Building Boto3 docs locally for research
Building Boto3 docs locally for research
The background
I’ve been trying to catch up on fwd:cloudsec talks over the last week. One of the last talks I watched was the “Get into AWS security research as a n00bcake” talk by Daniel Grzelak. It’s a great talk and I highly recommend folks check it out if you are new to cloud research. Or in my case, if you want to make sure your not missing tricks because you live under a rock. In the talk Daniel covers the use of the AWS documentation as one of the jumping off points for research. I’m a huge fan of this, as this is normally how I try and go about doing things.
A side-effect of my day job is I often need to read a lot of AWS (and Azure uurgh) docs. So it seems only natural to make notes of interesting things to investigate later. One point that stood out to me from the talk was compiling a local copy of the documentation so that you could process it more easily. I am a huge fan of grepping for stuff, so I thought this was a great idea!
The idea
Rather than looking at the AWS documentation itself, I was interested in the Boto3 scripting reference, as at the time I was using boto to run and grab some output for network analysis. Something that I thought was interesting was the DryRun argument that you could pass into various functions in Boto3. My goal here is to find all the services in AWS Boto3 that accepts the DryRun argument. This will be useful for some future research I am planning on doing, which I won’t go into now. I might write another post once I have done the research and something useful comes from it.
To create this list I thought I’d take the advice from the talk, and compile a local copy of the Boto3 documentation, then grep for it. I thought it might be useful to document my process for others who want to do something similar.
The method
I started by cloning the boto3 repo available here:
git clone https://github.com/boto/boto3.git
I then installed the pre-req’s along with sphinx (which is required for Make to build everything).
sudo apt-get install python3-sphinx
pip install -r requirements-docs.txt
The next section of the Boto3 repo README shows to switch into the docs directory and pass make to build the html docs.
cd docs
make html
But! Rather than doing that lets open the Makefile and have a poke around.
~/REPOS/boto3/docs on develop ● λ: vim Makefile
As we can see here, we are able to output the Boto3 info in various forms.

I tried json first, but it was a bit overkill for my purposes. I would probably use this if I had some cool way of interpreting fjson. For now though, I just wanna grep for stuff, so I rerun Make and pass “text” as the output format.
~/REPOS/boto3/docs on develop ● λ: make text
This ran for about ~15 to 20 minutes, and output all the text with a couple of warnings, but nothing that looked super serious. We should now have a build directory with all the documentation we require.
~/REPOS/boto3/docs/build/text on develop λ: ls
guide index.txt reference
The result
Now we can see the output, I looked around and found most of the juicy information I want lives in the following directory.

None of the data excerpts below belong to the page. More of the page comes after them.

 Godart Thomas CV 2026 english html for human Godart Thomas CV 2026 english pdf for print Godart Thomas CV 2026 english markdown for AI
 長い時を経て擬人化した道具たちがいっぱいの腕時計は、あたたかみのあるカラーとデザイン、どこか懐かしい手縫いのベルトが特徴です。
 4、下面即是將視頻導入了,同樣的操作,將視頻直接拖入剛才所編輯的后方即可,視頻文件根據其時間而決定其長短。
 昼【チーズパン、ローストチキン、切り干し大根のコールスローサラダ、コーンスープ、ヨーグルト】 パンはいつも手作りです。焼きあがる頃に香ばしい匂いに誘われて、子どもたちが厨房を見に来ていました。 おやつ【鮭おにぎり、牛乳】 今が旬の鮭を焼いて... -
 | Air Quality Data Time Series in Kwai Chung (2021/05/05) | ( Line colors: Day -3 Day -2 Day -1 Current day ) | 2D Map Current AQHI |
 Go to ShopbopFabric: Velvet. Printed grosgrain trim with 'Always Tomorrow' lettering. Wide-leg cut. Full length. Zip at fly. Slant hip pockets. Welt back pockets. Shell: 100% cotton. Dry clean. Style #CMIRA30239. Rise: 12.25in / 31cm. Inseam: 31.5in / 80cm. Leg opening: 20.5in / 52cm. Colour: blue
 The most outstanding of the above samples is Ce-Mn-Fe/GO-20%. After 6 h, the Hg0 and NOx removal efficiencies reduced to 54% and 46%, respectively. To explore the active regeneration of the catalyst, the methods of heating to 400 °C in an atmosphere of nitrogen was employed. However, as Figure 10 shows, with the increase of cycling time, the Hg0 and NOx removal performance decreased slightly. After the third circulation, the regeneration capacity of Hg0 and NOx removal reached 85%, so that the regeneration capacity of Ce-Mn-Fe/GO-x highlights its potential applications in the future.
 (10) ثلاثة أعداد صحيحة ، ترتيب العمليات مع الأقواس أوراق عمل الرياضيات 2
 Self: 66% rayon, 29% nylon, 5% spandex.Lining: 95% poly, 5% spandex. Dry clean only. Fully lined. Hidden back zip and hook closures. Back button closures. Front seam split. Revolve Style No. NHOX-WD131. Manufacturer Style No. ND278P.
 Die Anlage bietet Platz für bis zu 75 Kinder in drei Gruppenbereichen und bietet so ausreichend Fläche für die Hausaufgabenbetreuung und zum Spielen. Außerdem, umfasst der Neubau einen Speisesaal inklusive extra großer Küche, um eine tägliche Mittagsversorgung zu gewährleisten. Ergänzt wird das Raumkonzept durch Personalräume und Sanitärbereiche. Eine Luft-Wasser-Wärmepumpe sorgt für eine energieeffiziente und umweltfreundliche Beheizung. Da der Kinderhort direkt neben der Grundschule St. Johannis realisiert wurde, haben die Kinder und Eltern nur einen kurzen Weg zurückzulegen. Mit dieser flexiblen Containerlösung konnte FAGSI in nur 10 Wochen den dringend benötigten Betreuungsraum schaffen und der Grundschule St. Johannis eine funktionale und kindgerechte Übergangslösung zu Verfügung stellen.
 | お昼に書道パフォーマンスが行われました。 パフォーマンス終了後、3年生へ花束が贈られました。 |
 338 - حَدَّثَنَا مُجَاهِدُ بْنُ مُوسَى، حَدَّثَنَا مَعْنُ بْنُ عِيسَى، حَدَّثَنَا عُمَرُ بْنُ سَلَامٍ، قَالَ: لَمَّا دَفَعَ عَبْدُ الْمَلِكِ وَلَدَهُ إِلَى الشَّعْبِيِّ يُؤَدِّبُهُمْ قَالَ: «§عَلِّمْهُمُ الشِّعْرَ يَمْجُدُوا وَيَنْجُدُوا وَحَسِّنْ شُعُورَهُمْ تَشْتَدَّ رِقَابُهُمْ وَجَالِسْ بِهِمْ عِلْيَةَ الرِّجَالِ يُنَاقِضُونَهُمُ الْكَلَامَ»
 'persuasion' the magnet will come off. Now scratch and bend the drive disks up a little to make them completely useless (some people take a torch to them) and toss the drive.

~/REPOS/boto3/docs/build/text/reference/services
Now that I knew this, I could grep for DryRun and get a list of all services that use it as an argument for at least one of its functions.
~/REPOS/boto3/docs/build/text/reference/services on develop λ: grep -ri 'DryRun' > ../grep_out

The data output is pretty rough, but this is still a lot faster than searching through documentation by hand!
With a bit more work, some wrangling and some scripting we can parse the output of the rough grep into something more usable. But I am Le Tired, and the document is pretty short. So a simple regex in vim will do for now. What we end up with is the following list of services that all accept DryRun as an argument.
migrationhub-config.txt: DryRun=True|False
appstream.txt: dryRun=True|False
ssm.txt: DryRun=True|False,
lambda.txt: DryRun=True|False,
network-firewall.txt: DryRun=True|False
sms.txt: * "SMS.Client.exceptions.DryRunOperationException"
meteringmarketplace.txt: DryRun=True|False,
license-manager.txt: DryRun=True|False
redshift.txt: DryRun=True|False,
mgh.txt: DryRun=True|False
clouddirectory.txt: DryRun=True|False
ec2.txt: DryRun=True|False,
Note that for appstream the dryRun starts with a lowercase d which is inconsistent with all other mentions of DryRun in the boto3 docs. We passed the case-insensitive flag in our grep (-i) to catch occurrences such as this.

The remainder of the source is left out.